Below are some topics to discuss with your trusted tax advisors to help capture the full tax impact of your divorce. 

  • Property Settlements – Per Internal Revenue Code Section 1041(a), no gain or loss is recognized on a transfer between spouses or former spouses if incident to a divorce. There are specific rules to follow, so you may find yourself recognizing a gain/loss if you do not plan accordingly. 
    • For example: Transferring assets within one year after the date on which the marriage ceases is just one provision that allows for property transfers to occur without a gain or loss recognition. Former spouses should ensure they understand and follow IRS guidance to prevent income tax consequences.
    • Also, the receiving spouse will have a carryover basis and holding period for the property received.
  • Qualified Retirement Plans – A qualified domestic relations order (QDRO) allows the state court to allocate an interest in an employer’s qualified retirement plan to a former spouse. 
    • Qualified plans include defined benefit plans and defined contribution plans, such as profit-sharing plans, e.g., 401(k) and 403(b) plans, as well as employee stock ownership plans and money-purchase plans.
    • Benefits distributed to Spouse 1 from the QDRO of Spouse 1 are taxed to Spouse 1 when received by that spouse (not subject to the 10 percent penalty) (rollover exemption).
    • Payments made to the former spouse have no effect on the participant in the retirement plan.
  • Individual Retirement Accounts – The transfer of an individual’s interest in an IRA to a spouse or former spouse pursuant to a decree of divorce is not a taxable event to either spouse.
  • Savings Bonds – The transferor must pick up the interest income and pay the taxes associated with all previously unreported interest prior to the transfer. The receiving spouse will be responsible for all interest after the transfer and will have the basis in the bonds received increased by the interest included in the transferor’s income (Rev. Rule 87-112).
  • Cost of Getting Divorced – Legal fees associated with the divorce are not deductible. Tax advice related to the divorce is nondeductible (until after 2025, under the current law).
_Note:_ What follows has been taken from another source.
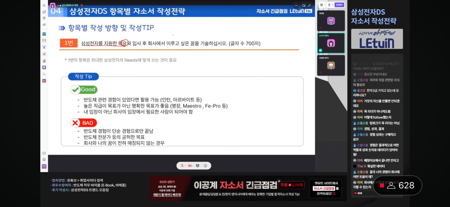 1번 문항 : 반도체 관련 경험을 어필. 단, 단순 경험으로만 끝나면 안된다 2번 문항 : 주변 사람들의 평가나 내용이 아닌 자신만의 story 가 중요하다 3번 문항 : 꼭 반도체가 아니라 평소에 진짜로 관심 있었던 주제를 선택하는 것이 더 중요하다 4번 문항 : 직무와 연관성이 있고 두루뭉술하지 않게 어필하는 것이 중요하다. 3. 수강후기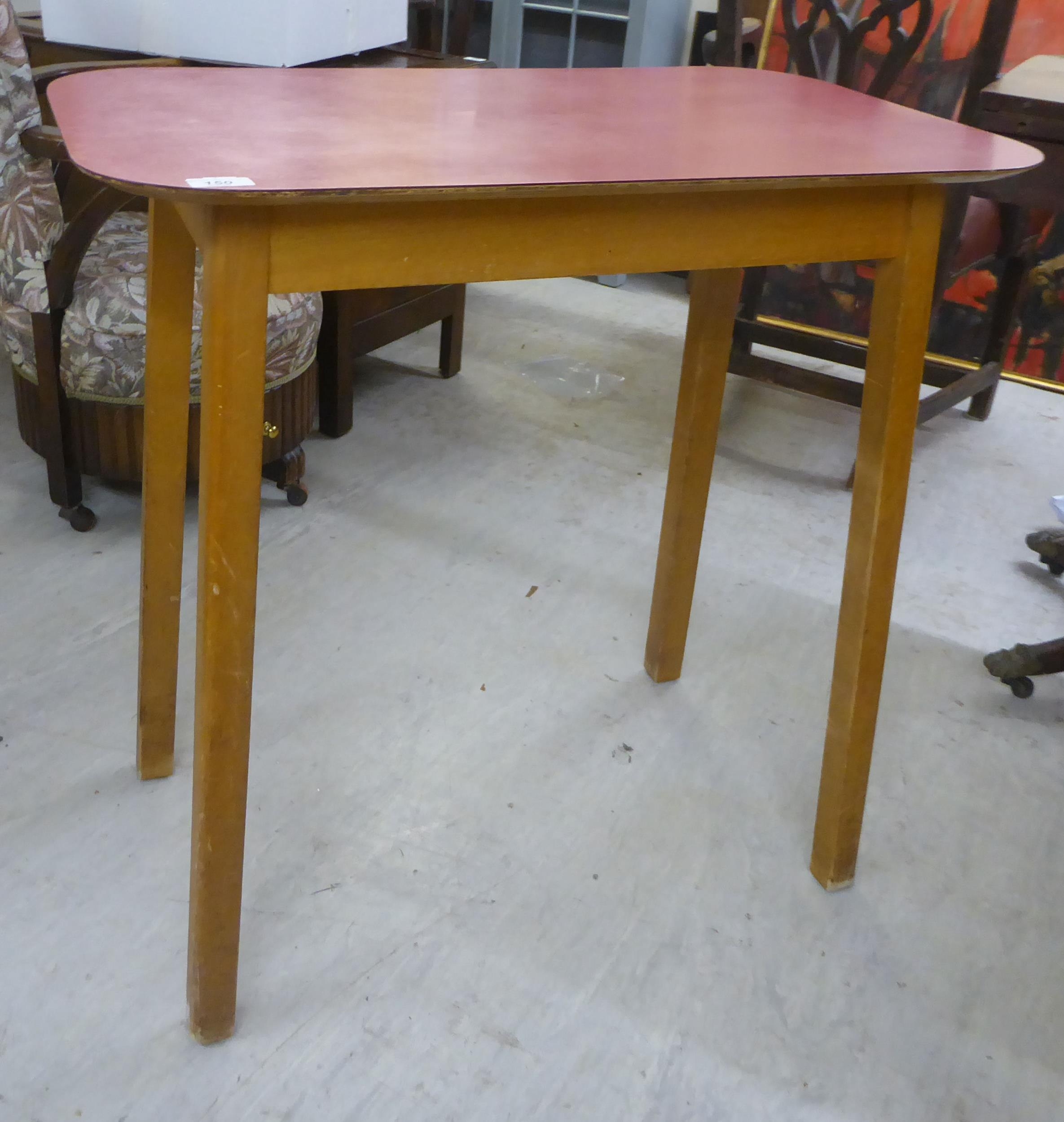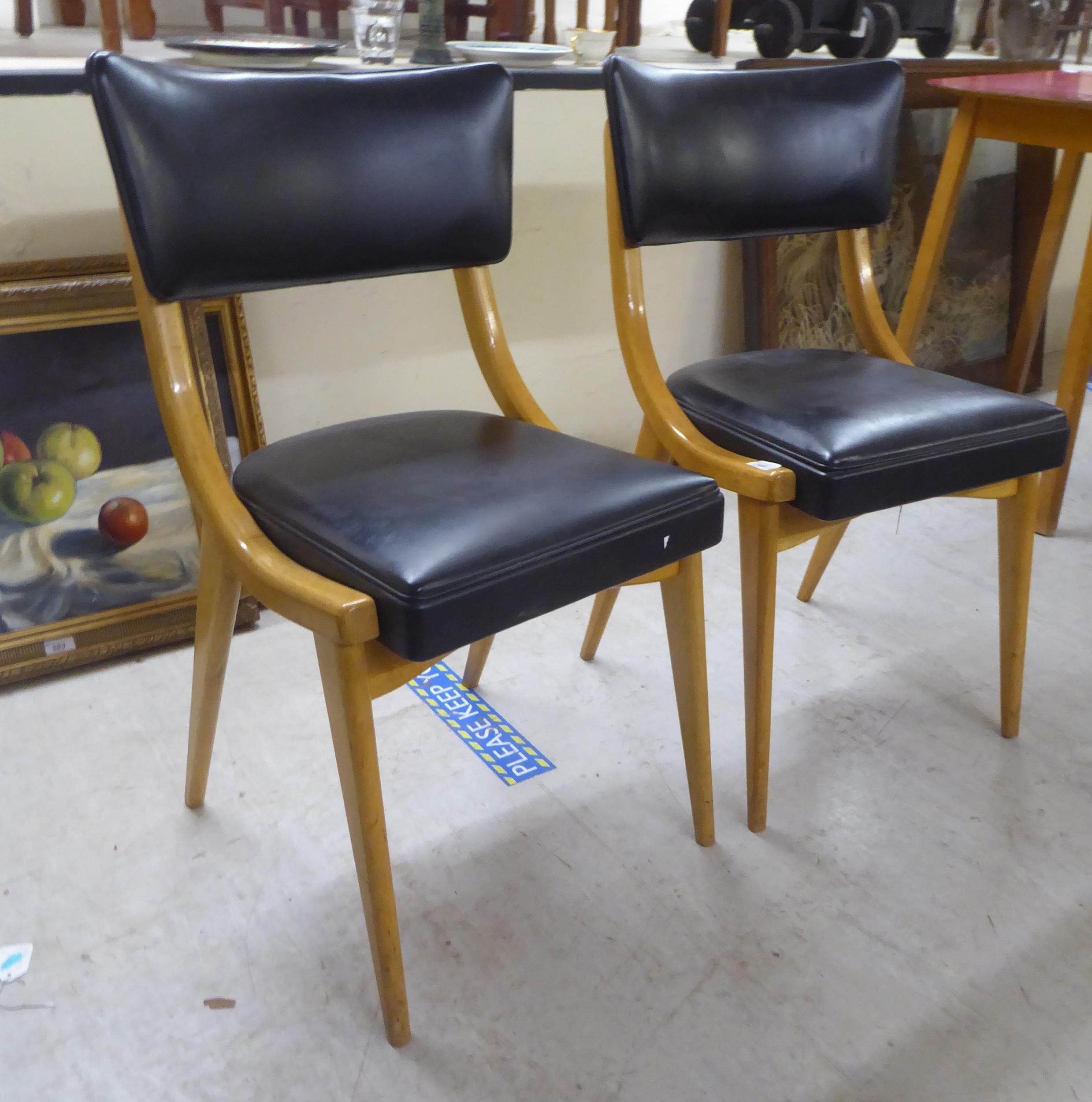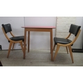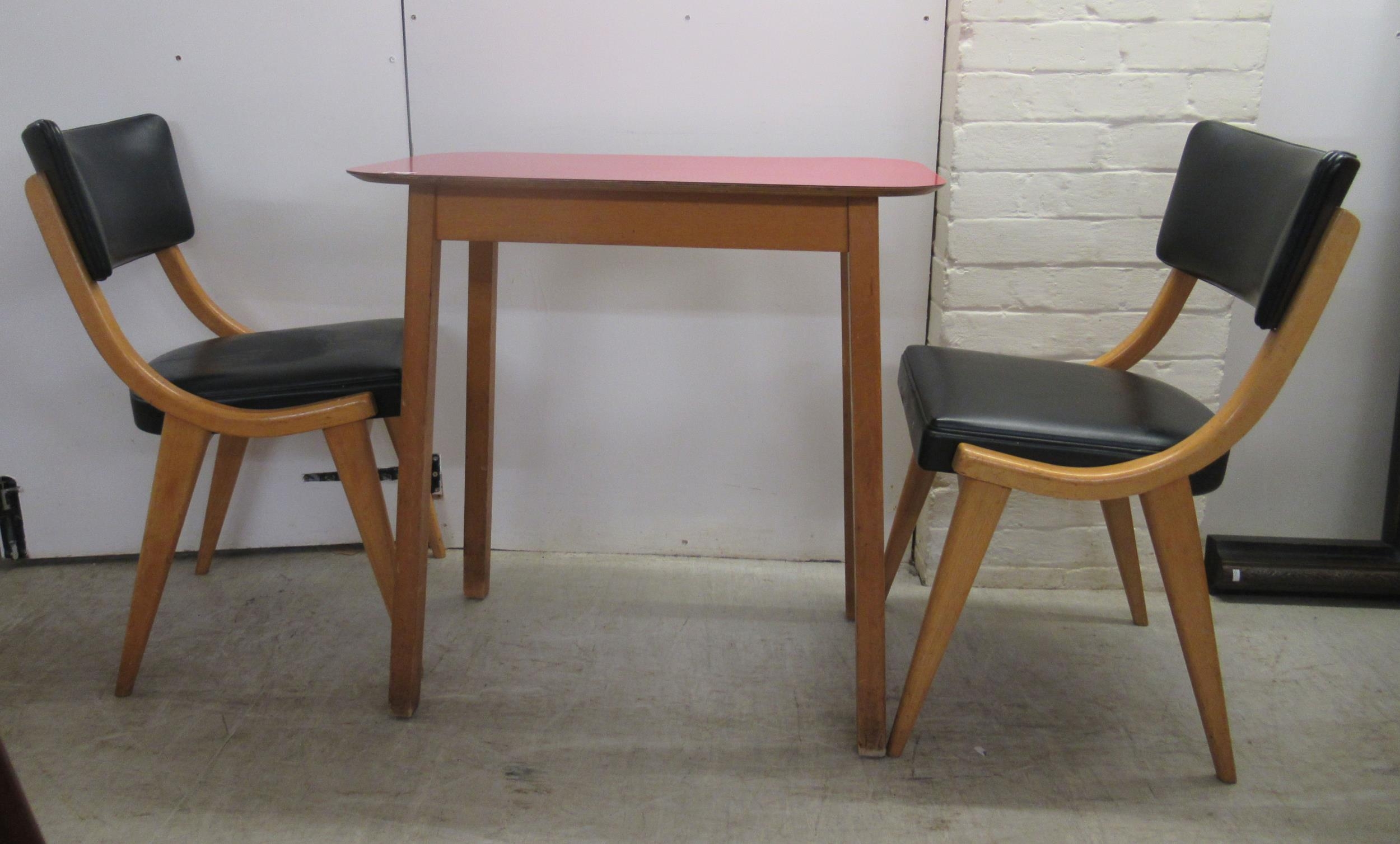 A pair of 1950s/1960s Benchairs of Stowe beech framed dining chairs, each with a faux black hide back and seat raised on tapered legs; and a 1950s PHG & Sons Guildform beech and laminate top kitchen table, raised on square, tapered legs 30"h 29"w

However, the costs associated with the property settlements, as a result of divorce, can be added to the property’s basis.
    • Example: The cost of changing the deed to change the title to the residence (or on stocks) can be added to the basis of the residence (or stock).
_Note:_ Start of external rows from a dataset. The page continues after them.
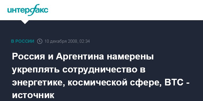 Россия и Аргентина намерены укреплять сотрудничество в энергетике, космической сфере, ВТС - источник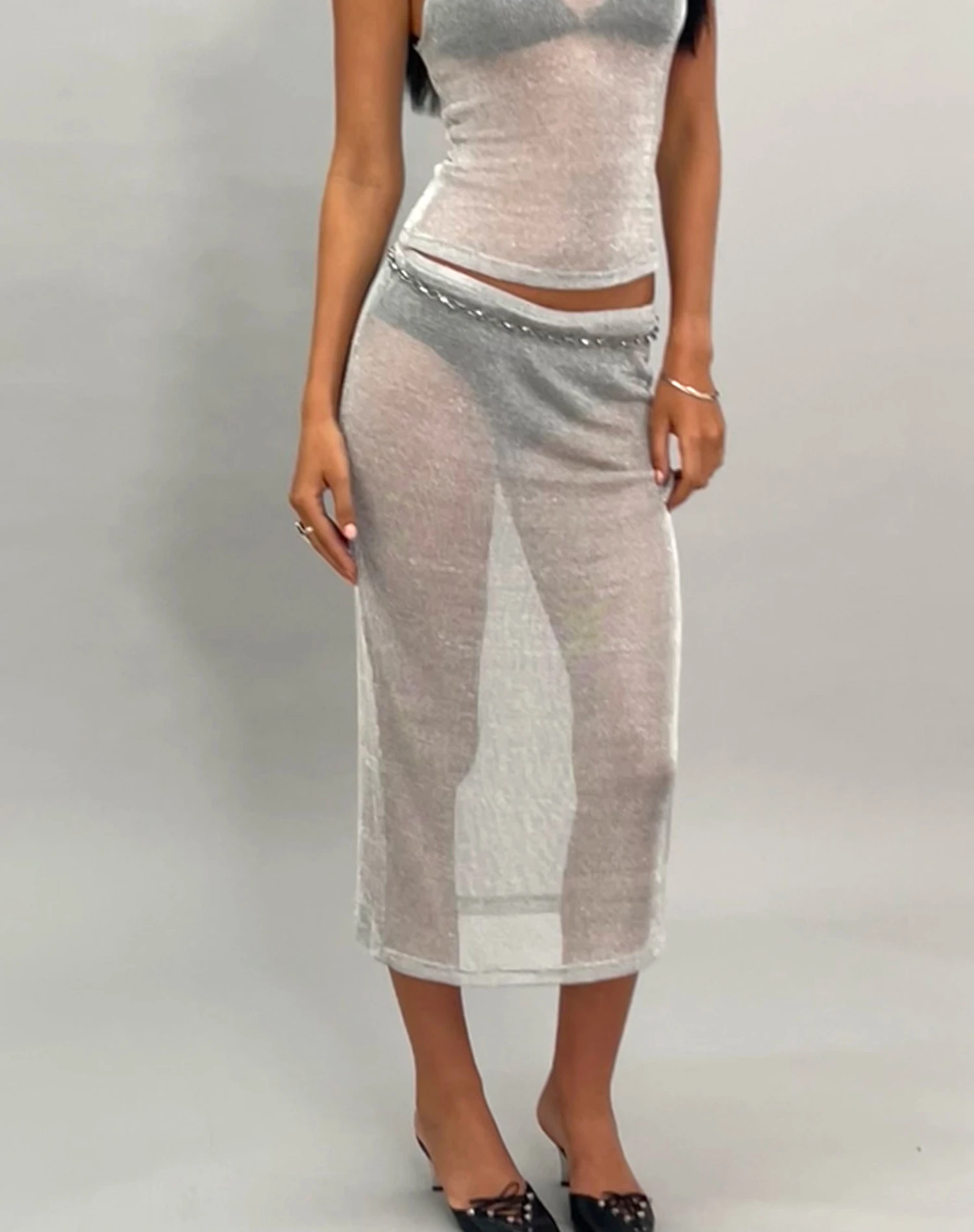 Our favourite silver chain look now comes in a skirt. The Esra comes in a midi length and a low waistline. Pair with the matching Cosima top.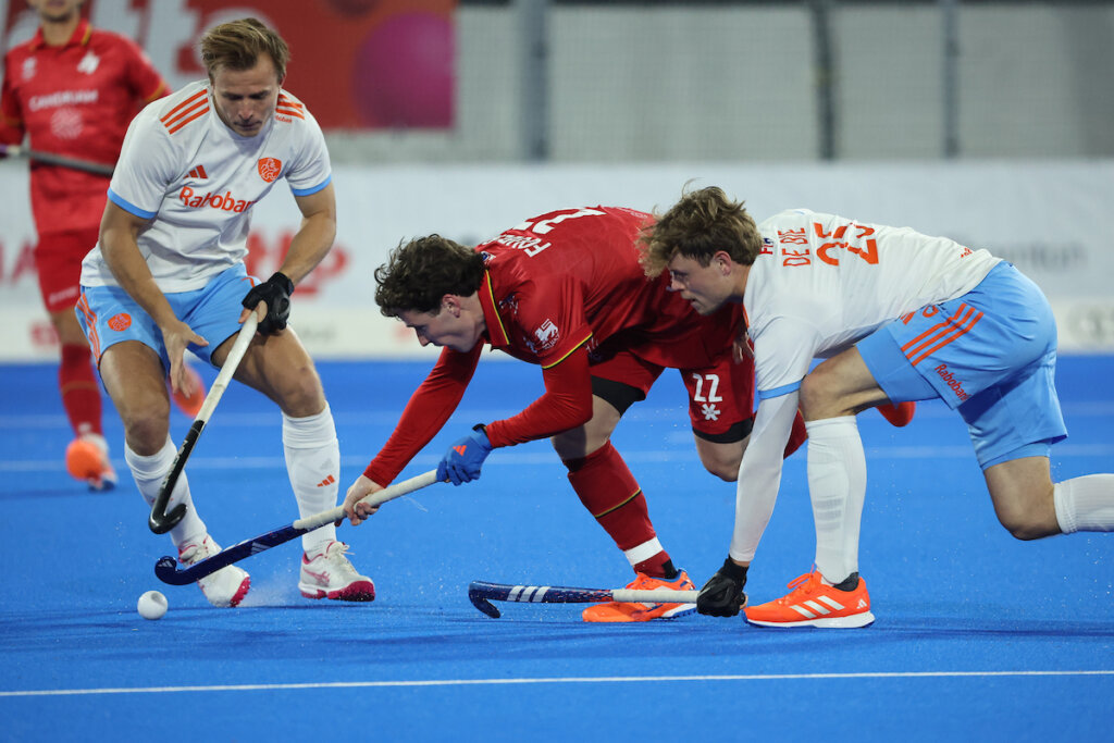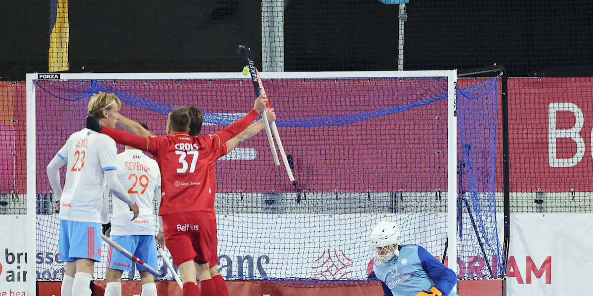 Zo’n kwartier later stond het Belfius wel op de banken. Dat gebeurde na een intikker van Tobias Biekens die na 42 minuten dee 1-0 op de borden bracht. Een wat gelukkige goal, die ontstond na een uitglijder van gelegenheids-middenvelder Floris Wortelboer op het steeds gladder wordend veld. Bovendien was het een treffer die behoorlijk uit de lucht kwam vallen. Nederland was sterker, maar ging met name vrij slordig om met z’n strafcorners.

    • To determine and document the correct tax treatment of professional fees incurred during a divorce proceeding, all invoices should specify the amounts related to tax advice, the collection or production of income, or the defense of title to property. If the invoice provides no breakdown, the taxpayer should request a more detailed statement.
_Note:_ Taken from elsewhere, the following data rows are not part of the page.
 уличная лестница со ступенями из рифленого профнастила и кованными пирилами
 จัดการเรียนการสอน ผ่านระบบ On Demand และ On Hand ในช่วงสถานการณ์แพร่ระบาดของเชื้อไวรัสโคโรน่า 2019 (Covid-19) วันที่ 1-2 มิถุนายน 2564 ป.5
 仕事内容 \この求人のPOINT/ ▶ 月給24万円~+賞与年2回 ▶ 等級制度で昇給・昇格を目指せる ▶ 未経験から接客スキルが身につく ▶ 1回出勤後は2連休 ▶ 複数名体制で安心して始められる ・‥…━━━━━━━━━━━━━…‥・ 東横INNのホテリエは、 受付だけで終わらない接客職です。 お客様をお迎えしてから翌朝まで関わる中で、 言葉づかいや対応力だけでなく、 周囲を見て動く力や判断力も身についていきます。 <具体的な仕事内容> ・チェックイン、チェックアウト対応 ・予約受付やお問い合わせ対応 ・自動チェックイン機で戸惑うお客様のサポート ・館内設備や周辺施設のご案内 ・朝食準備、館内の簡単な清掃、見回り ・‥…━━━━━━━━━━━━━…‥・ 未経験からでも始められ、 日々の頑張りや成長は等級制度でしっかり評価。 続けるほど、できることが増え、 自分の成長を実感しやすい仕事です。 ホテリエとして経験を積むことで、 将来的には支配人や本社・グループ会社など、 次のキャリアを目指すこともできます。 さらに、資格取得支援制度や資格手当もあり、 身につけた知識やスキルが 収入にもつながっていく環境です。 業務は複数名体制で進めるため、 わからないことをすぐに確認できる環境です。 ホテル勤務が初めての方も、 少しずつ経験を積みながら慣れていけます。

  • Estimated Tax Payments – If you make joint estimated tax payments during the year and then later file separate returns, the payments made can be allocated fully to either spouse or divided between both tax returns. Both sides must agree. Due to delays at the IRS, it may be better to get the final overpayment refunded and have each spouse make payments under their own Social Security number, instead of relying on the IRS to properly allocate the estimated payments. If no agreement is reached, the payments are allocated based on the allocable shares of the combined income tax (including self-employment tax, if applicable). (See Janus v. United States, 557 F.2d 1268 (9th Cir. 1977) (applying allocation formula under pre-1984 TRA Reg. §1.6015(b)-1(b)); Morris v. Commissioner, T.C. Memo 1966-245)
  • Tax attributes, such as net operating losses and passive activity losses, that are divided during divorce have differing and complex tax treatments. These attributes should be considered carefully with professional advisors to help ensure they are divided accurately and reported correctly prior to and after divorce.
  • The tax liability from a previously filed joint tax return is the responsibility of both spouses. Even if the divorce decree states that one spouse will be responsible, if more taxes are owed due to an audit, both spouses are liable. The exception to this is to get Innocent Spouse Relief. (IRS Publication 971) Innocent Spouse Questions and Answers | Internal Revenue Service (irs.gov)
  • Child-Related Benefits – Who gets to claim a child will have an impact on your taxes as well. There are many elements to keep in mind requiring whether either spouse can claim a child, and sometimes the facts trump the desires of the spouses. Some of the benefits to review include: 
    • Earned Income Tax Credit
    • Child Tax Credit
    • Additional Child Tax Credit
    • Child and Dependent Care Credit

It is important to note that divorces can take multiple years and the year you finalize is the year of the applicable tax law for your divorce decree. It is important to communicate with your trusted advisor throughout your process and not just in the beginning or after the fact.